Таскать тяжести, работать пилой и рубанком Мартину было несложно, весь день он выполнял любую работу, которую ему поручали. Делал он это молча, не обращая внимания ни на что, кроме дела. Селяне, привыкшие поболтать да посмеяться, умолкали, стоило Мартину к ним приблизиться: в обществе монаха, который своим молчанием словно осуждал их за что-то, людям становилось неловко.
Когда вечером монаха пригласили за стол в доме старосты, он отказался и вместо еды отправился на свои вечерние практики, не догадываясь, что смотреть на такое представление соберется все селение.

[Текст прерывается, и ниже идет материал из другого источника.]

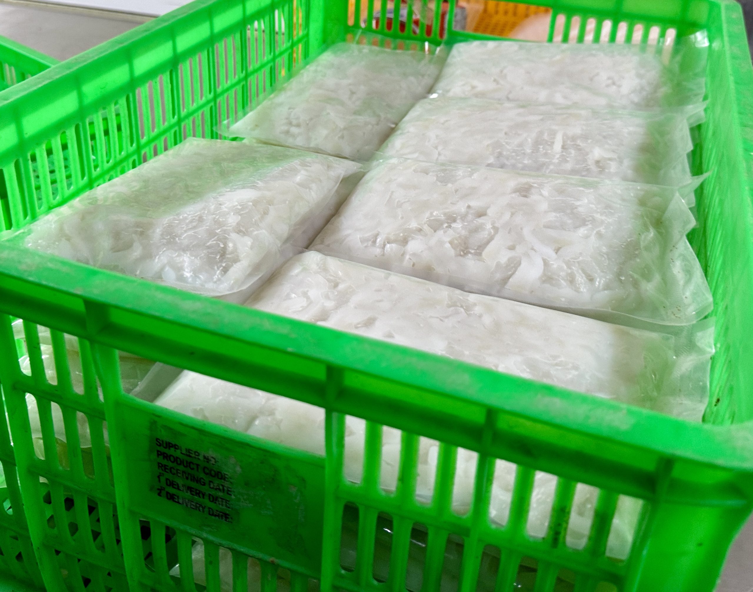 Chỉ thân mực được sử dụng để chế biến thức ăn cho tôm bố mẹ, giúp cung cấp nguồn dinh dưỡng tinh khiết, giàu protein và axit béo thiết yếu. Mực được cắt sợi nhỏ với kích thước phù hợp để tôm bố mẹ dễ tiêu hóa và hấp thụ tối đa dưỡng chất. Sau khi cắt sợi, mực được đóng gói túi 500 gram, bảo quản ở nhiệt độ -20°C và giao tới trại giống trong điều kiện đông lạnh, đảm bảo chất lượng sản phẩm luôn tươi ngon.

Дыхательные упражнения мирян не вдохновили, но зато, когда Мартин начал выгибаться дугой и завязываться в узлы, стоя только на одной ноге, на ребрах ступней или вообще на руках или голове, в деревне поднялся настоящий ажиотаж.
Парни, что половчее, пытались повторить чудные трюки, но только валились на землю, словно неуклюжие медвежата.

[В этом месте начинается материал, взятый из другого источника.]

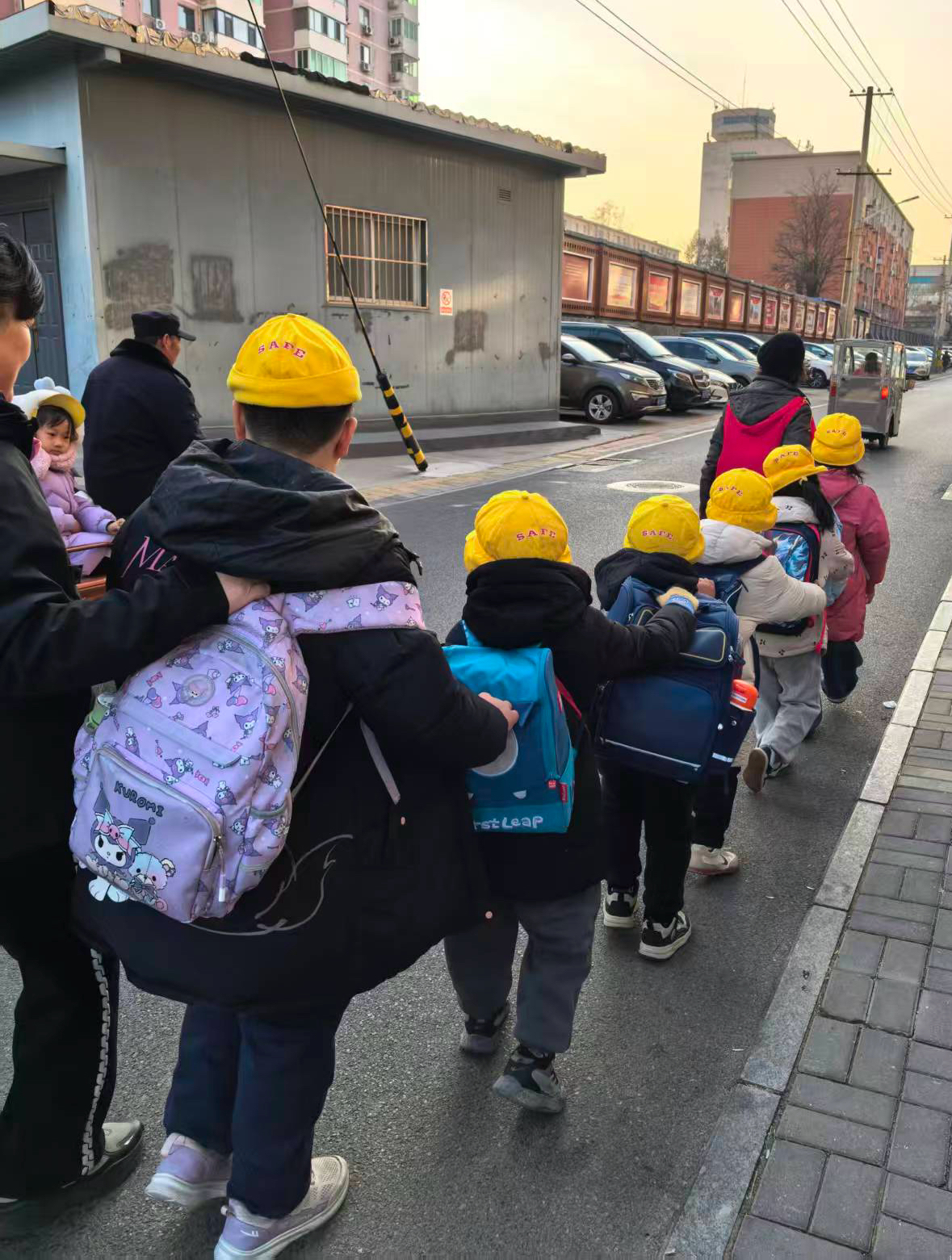 今天和马伶菊“搭班”的是58岁的张联,她是后加入队伍中的。张联退休不久,儿子还没结婚,有精力先做几年“共享奶奶”。待孩子们到齐,两位老人叮嘱他们各自抓住前面同学的书包,一前一后护送着这“串”队伍向活动室前进。“虽然离得不远,一路上车多人多,真得拿出责任心来!”马伶菊感慨,轮到自己“值班”时,神经始终绷得紧紧的。

Ишимерец старался не обращать внимания на собравшийся вокруг него балаган, он тщательно следил за дыханием и прислушивался к телу, следя за тем, как меняются потоки энергии. Однако, когда один из парней пристроился рядом и начал копировать движения монаха, делая при этом умопомрачительные рожи, не отвлекаться стало невозможно: теперь каждый жест Мартина сопровождался криками, свистками и взрывами хохота.
Выйдя из очередной позиции, Мартин выпрямился и сурово взглянул на парня.
– Уйди, – велел он, хмуря широкие черные брови. – Ты не понимаешь, что делаешь.
– А ты сам-то понимаешь!? – нагло усмехнулся парень. Прижав кулаки к бедрам и растопырив локти, как только что делал сам Мартин, он замахал ими, изображая прогуливающегося петуха. – Ку-кареку!… Ку-карекууу!…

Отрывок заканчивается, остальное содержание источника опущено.